* **What to do**: Word for word, return the lines below from the first through the line that has "Karar Sayısı: 3032", dropping the pictures.
····················
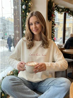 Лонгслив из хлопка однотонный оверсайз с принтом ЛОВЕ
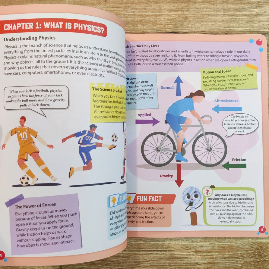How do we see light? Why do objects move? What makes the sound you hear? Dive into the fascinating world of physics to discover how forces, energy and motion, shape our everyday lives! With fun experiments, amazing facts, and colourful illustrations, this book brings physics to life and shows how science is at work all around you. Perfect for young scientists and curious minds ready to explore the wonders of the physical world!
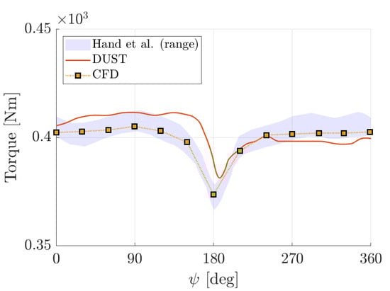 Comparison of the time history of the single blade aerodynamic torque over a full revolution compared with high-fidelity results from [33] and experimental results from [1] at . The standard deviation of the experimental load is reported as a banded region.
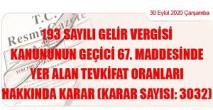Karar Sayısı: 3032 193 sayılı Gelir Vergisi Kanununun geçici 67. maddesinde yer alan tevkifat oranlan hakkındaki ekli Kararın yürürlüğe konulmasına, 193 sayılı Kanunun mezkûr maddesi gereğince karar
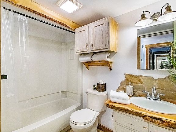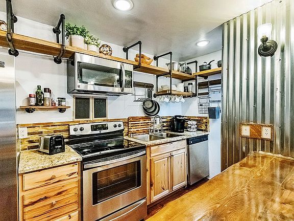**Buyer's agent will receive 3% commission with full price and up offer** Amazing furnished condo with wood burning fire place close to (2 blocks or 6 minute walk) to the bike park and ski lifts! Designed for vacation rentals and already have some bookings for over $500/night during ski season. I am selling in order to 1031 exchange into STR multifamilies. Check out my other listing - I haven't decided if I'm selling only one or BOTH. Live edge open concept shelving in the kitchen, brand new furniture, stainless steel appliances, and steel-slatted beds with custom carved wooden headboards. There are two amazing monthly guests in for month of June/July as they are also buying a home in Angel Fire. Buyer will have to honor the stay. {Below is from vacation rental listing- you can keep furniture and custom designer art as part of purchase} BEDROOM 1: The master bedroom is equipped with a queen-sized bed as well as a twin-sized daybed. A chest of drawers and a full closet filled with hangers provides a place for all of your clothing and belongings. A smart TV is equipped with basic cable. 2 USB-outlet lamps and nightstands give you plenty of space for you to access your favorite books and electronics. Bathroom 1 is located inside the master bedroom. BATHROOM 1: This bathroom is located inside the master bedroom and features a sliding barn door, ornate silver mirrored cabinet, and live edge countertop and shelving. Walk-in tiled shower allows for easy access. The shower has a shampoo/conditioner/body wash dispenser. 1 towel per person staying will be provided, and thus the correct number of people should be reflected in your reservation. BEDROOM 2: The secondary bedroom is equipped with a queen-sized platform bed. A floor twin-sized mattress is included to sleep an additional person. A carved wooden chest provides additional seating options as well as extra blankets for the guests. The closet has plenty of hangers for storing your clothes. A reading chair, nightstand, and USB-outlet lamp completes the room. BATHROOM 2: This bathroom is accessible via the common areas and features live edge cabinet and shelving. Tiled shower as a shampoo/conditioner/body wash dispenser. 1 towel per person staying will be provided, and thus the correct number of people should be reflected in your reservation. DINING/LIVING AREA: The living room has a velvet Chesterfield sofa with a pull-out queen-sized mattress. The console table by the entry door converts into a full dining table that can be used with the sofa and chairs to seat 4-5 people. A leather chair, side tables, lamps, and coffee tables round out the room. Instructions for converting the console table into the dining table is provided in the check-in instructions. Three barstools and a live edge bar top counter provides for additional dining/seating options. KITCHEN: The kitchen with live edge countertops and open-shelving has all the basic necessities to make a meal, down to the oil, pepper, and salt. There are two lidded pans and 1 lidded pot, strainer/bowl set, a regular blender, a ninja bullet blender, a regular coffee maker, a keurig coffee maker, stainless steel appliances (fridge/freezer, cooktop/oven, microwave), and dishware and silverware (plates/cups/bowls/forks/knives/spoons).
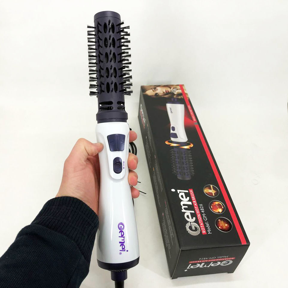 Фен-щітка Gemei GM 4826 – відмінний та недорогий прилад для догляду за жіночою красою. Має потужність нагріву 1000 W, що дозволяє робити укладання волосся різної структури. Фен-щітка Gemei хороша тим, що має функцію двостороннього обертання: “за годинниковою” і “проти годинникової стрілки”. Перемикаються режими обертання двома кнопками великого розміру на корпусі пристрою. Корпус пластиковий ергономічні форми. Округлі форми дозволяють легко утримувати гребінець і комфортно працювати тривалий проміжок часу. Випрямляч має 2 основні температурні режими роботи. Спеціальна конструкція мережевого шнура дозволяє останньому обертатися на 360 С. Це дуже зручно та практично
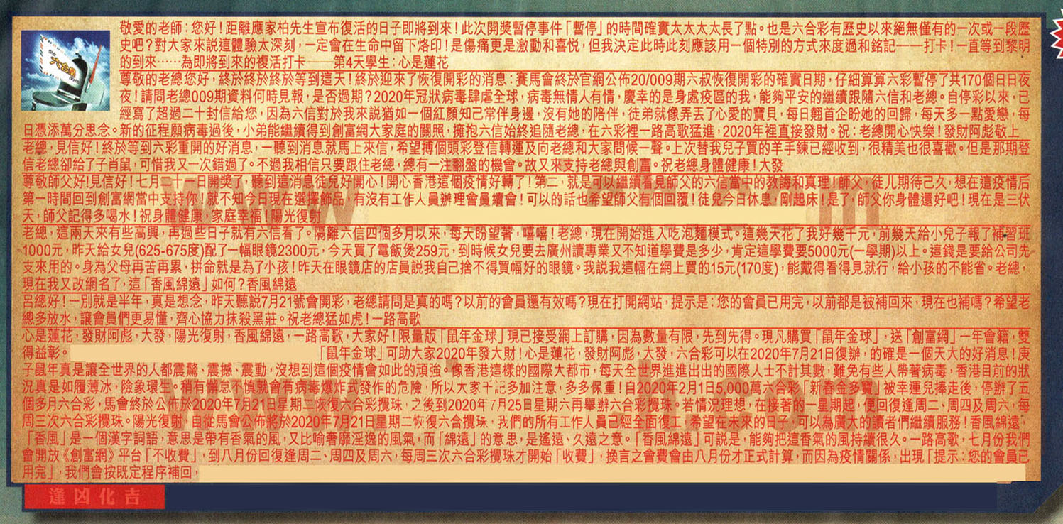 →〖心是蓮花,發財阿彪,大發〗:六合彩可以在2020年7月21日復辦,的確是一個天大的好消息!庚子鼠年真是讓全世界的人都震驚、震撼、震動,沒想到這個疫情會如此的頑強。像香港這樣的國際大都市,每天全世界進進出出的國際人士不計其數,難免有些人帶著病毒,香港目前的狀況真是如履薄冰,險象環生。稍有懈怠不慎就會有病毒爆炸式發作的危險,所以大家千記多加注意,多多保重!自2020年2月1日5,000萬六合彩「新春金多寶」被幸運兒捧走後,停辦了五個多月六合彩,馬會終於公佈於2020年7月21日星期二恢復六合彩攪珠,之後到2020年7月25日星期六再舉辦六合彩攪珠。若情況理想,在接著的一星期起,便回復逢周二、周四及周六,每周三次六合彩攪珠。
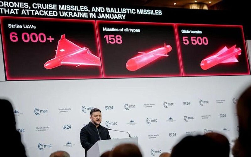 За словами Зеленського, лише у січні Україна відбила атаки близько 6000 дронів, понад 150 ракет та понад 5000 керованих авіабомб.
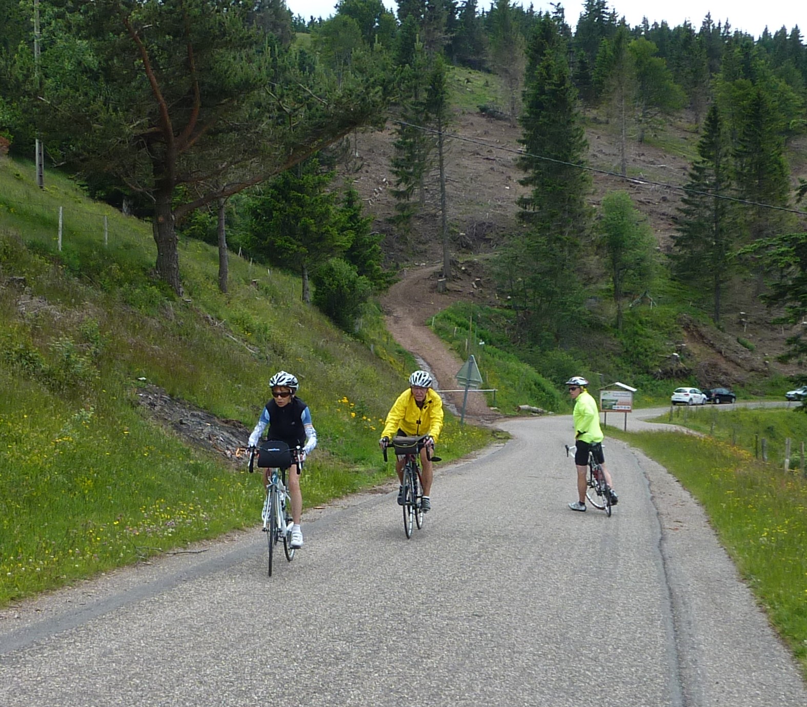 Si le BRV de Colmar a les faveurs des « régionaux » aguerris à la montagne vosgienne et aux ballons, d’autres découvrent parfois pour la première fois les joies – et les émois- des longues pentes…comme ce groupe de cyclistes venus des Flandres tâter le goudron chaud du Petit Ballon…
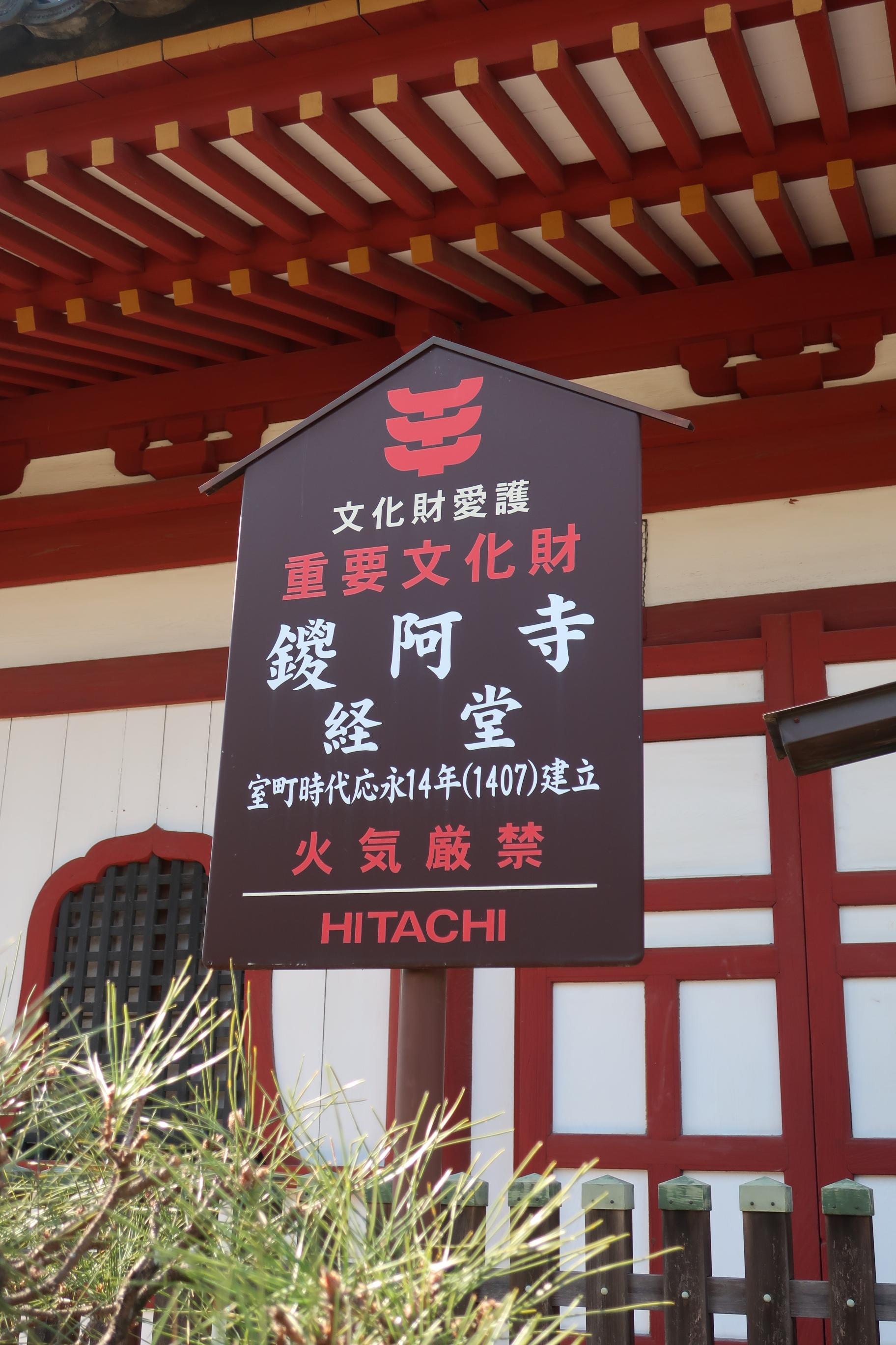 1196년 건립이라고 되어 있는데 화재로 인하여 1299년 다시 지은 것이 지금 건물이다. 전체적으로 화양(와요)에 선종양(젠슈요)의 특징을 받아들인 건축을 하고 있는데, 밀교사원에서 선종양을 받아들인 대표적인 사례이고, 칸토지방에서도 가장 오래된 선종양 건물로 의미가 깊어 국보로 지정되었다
····················
* **Exercise output**:
 Лонгслив из хлопка однотонный оверсайз с принтом ЛОВЕ
How do we see light? Why do objects move? What makes the sound you hear? Dive into the fascinating world of physics to discover how forces, energy and motion, shape our everyday lives! With fun experiments, amazing facts, and colourful illustrations, this book brings physics to life and shows how science is at work all around you. Perfect for young scientists and curious minds ready to explore the wonders of the physical world!
 Comparison of the time history of the single blade aerodynamic torque over a full revolution compared with high-fidelity results from [33] and experimental results from [1] at . The standard deviation of the experimental load is reported as a banded region.
Karar Sayısı: 3032 193 sayılı Gelir Vergisi Kanununun geçici 67. maddesinde yer alan tevkifat oranlan hakkındaki ekli Kararın yürürlüğe konulmasına, 193 sayılı Kanunun mezkûr maddesi gereğince karar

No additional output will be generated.